Many AWS customers already use EMR to run their Spark clusters. If you’re not familiar with EMR, it’s a simple way to get a Spark cluster running in about ten minutes.
In this post, I’ll walk you through creating an EMR cluster backed by Apache Iceberg tables. If you’re unfamiliar with Iceberg, it’s a table format for analytic datasets
that can integrate with an ever-growing number of compute engines. Along with high-performance queries on data at rest, it comes with a ton of features that enable data
professionals to effectively manage big data, even up to tens of petabytes in size.
- Creating an EMR Cluster
- A Closer Look at the Configuration
- Creating a Notebook
- Loading Data
- Row-Level Updates
- Time Travel
Creating an EMR Cluster
To create the EMR cluster, use the advanced create cluster setup menu found here.
Don’t worry; we’ll only have to set a couple of things here. First, switch the EMR version to 6.4.0
in the drop-down selector. Next, check the box for all of the following applications
to include them in the cluster:
• Spark 3.1.2
• JupyterHub 1.41
• JupyterEnterpriseGateway 2.1.0
In the “Edit software settings” section, enter the following configuration into the text box. Remember to replace<Your S3 Warehouse Path>
with a path to the location on S3 that you want to use for your warehouse, e.g.s3://emr-spark-and-iceberg/mywarehouse
:
[
{
"classification":"spark-defaults",
"properties":{
"spark.jars.packages":"org.apache.iceberg:iceberg-spark3-runtime:0.12.1,software.amazon.awssdk:bundle:2.15.40,software.amazon.awssdk:url-connection-client:2.15.40",
"spark.sql.extensions":"org.apache.iceberg.spark.extensions.IcebergSparkSessionExtensions",
"spark.sql.defaultCatalog":"prodiceberg",
"spark.sql.catalog.prodiceberg":"org.apache.iceberg.spark.SparkCatalog",
"spark.sql.catalog.prodiceberg.catalog-impl":"org.apache.iceberg.aws.dynamodb.DynamoDbCatalog",
"spark.sql.catalog.prodiceberg.warehouse":"<Your S3 Warehouse Path>",
"spark.sql.catalog.prodiceberg.dynamodb.table-name":"prodiceberg_metastore"
}
}
]
Your options should now look like this.
In the “General Cluster Settings” section, provide a name for the cluster. I’ve chosen “Iceberg on EMR.”
For the rest of the options, you can leave the defaults. Just click “Next” through the rest of the sections, and at the end, click “Create Cluster.”
That’s it!

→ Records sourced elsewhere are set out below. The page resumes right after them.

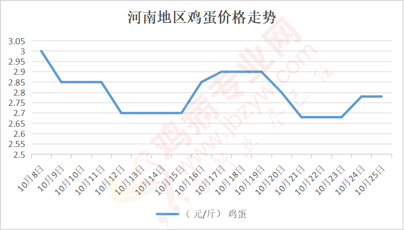 鸡病专业网消息:10月25日,河南郑州鸡蛋2.8元/斤,稳;新密鸡蛋2.8元/斤,稳;荥阳鸡蛋2.8元/斤,稳;中牟鸡蛋2.8元/斤,稳;周口鸡蛋2.75元/斤,稳;商丘鸡蛋84元/30斤,稳;鹤壁鸡蛋2.75元/斤,稳;汝州鸡蛋2.75元/斤,稳;开封鸡蛋83-84元/30斤,稳;漯河鸡蛋2.75元/斤,稳;漯河临颍鸡蛋2.75元/斤,稳;许昌鸡蛋2.8元/斤,稳;南阳鸡蛋2.75元/斤,稳;南阳邓州鸡蛋2.75元/斤,稳;新乡鸡蛋2.75元/斤,稳;安阳鸡蛋2.75元/斤,稳;新郑鸡蛋2.8元/斤,稳;登封鸡蛋2.8元/斤,稳;平顶山鸡蛋2.8元/斤,稳;驻马店鸡蛋2.8元/斤,稳;三门峡鸡蛋2.8元/斤,稳;焦作鸡蛋2.75元/斤,稳;信阳鸡蛋2.75元/斤,稳;濮阳鸡蛋2.75元/斤,稳。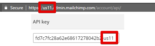 URL sadržava podatak o serveru na kojem se Vaš MailChimp račun nalazi, zato je isti potrebno prepisati iz URL adrese Vašeg računa ili iz zadnja 4 znaka Vašeg API ključa.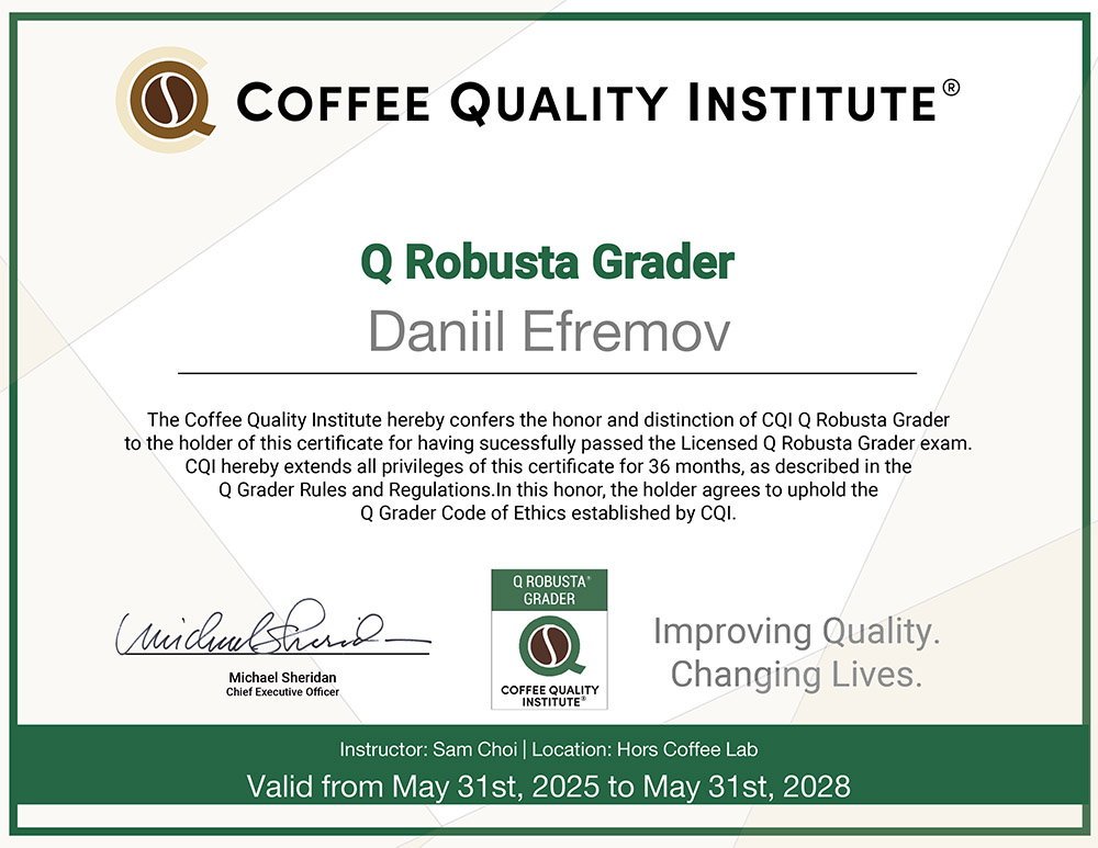 – До обучения я крайне редко пил кофе и мало знал о нем. Потрясло, что у кофе более 800 оттенков вкуса. Было интересно узнать, что кофе – это не совсем «зерно» в привычном понимании этого слова, а лишь косточки кофейных ягод. Врезалось в память и то, что в разное время года у кофе свои вкусовые колебания, букет одного и того же вида кофе, собранного в разные сезоны, будет меняться. Из-за этого может меняться плотность, выразительность кофе, а также букет от более фруктового до шоколадного и наоборот.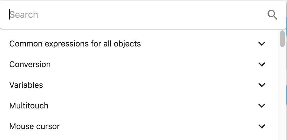 When you click the blue icon, you can search all the available expressions sorted into categories.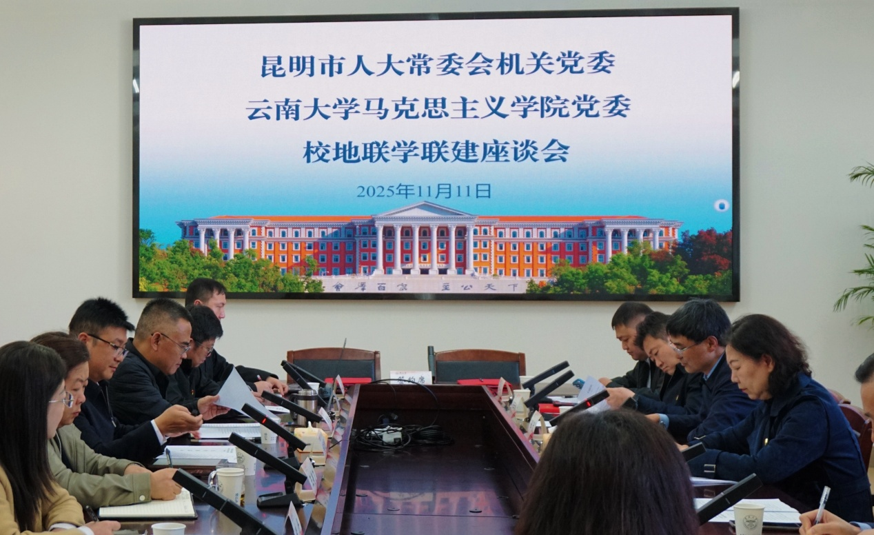 为深入学习贯彻党的二十届四中全会精神,深化校地合作、共筑思政教育高地,2025年11月11日,昆明市人大常委会党组成员、秘书长、机关党组书记李庆平一行莅临云南大学马克思主义学院开展校地共建活动。云南大学马克思主义学院党委班子成员及师生代表参与活动。

After about ten minutes, you’ll have everything you need to start reading and writing data between your EMR compute engines and your data warehouse powered by Iceberg.
A Closer Look at the Configuration
While we’re waiting on the cluster to start, let’s take a moment to cover our setup in a bit more detail. The config block you pasted above sets up Spark
configuration to do three things:
- Include Iceberg’s runtime Jar
- Create an Iceberg table catalog
- Enable Iceberg’s SQL extensions
spark.jars.packages
In this property, we added the Iceberg 0.12.1 runtime for Spark 3 as well as a recent AWS SDK.
spark.sql.extension
Here we add the Iceberg SQL extensions that adds additional SQL commands like UPDATE
and DELETE
. We’ll demo some of these
commands in a later section.
spark.sql.catalog.<catalog-name>
We’ve defined prodiceberg
as the catalog name and all properties that start with spark.sql.catalog.prodiceberg
are configuring this catalog.
catalog-impl
sets the Iceberg catalog implementation forprodiceberg
and is set to store table information in DynamoDB. (There are many other catalog options, such asHiveMetaStore
)dynamodb.table-name
sets the table name that DynamoDB will use.warehouse
sets the S3 location to store the data and metadata.
spark.sql.defaultCatalog
This property simply sets prodiceberg
as the default catalog for Spark.
Next, let’s create a notebook and start having fun with Iceberg!
Creating a Notebook
AWS makes it very simple to create a new notebook and attach it to your cluster using Jupyter Enterprise Gateway. On the EMR dashboard in the AWS management console, select “Notebooks” on the left navigation pane.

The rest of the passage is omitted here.